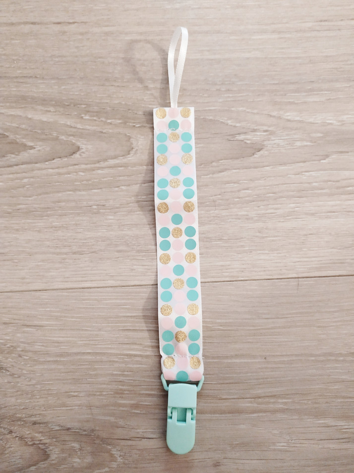 Klip na dudlík v jemných dětských barvách. Je použito plastové uzavírání, díky němuž je klip velmi lehoučký.
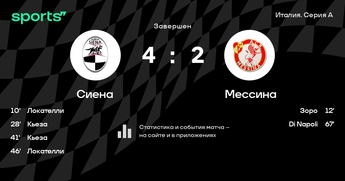Миранте - Falsini, Тудор, Портанова, Легротталье - Вергассола, Д`Аверса, Алберто Валентим - Локателли, Богдани, КьезаЗапасные: Фортин, Негро, Colonnese, Marazzina, Вольпато
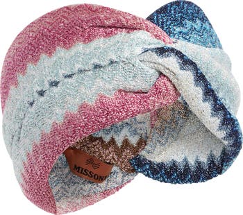Iconic zigzags lend signature texture to a beautifully knit headband embellished with metallic threads for playful shimmer.
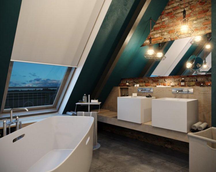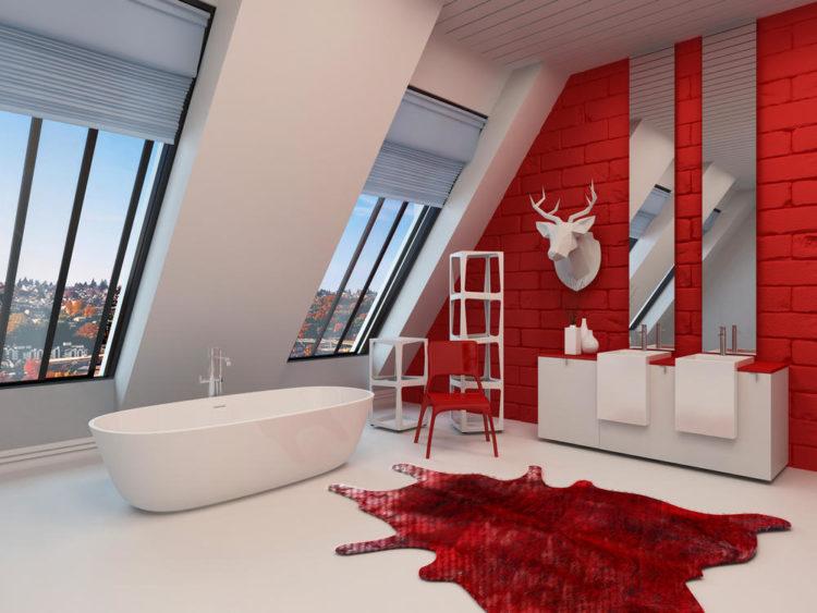 Glamorous loft es un juego con color. Además de los tonos del esquema de color típico, el desván del baño se puede decorar en colores más brillantes. Un lugar especial en esta dirección está ocupado por el color rojo y cualquier tono del mismo.

_About this task_: Without including any picture, reproduce the material above word for word.

_Your response_:
 Klip na dudlík v jemných dětských barvách. Je použito plastové uzavírání, díky němuž je klip velmi lehoučký.
Миранте - Falsini, Тудор, Портанова, Легротталье - Вергассола, Д`Аверса, Алберто Валентим - Локателли, Богдани, КьезаЗапасные: Фортин, Негро, Colonnese, Marazzina, Вольпато
Iconic zigzags lend signature texture to a beautifully knit headband embellished with metallic threads for playful shimmer.
 Glamorous loft es un juego con color. Además de los tonos del esquema de color típico, el desván del baño se puede decorar en colores más brillantes. Un lugar especial en esta dirección está ocupado por el color rojo y cualquier tono del mismo.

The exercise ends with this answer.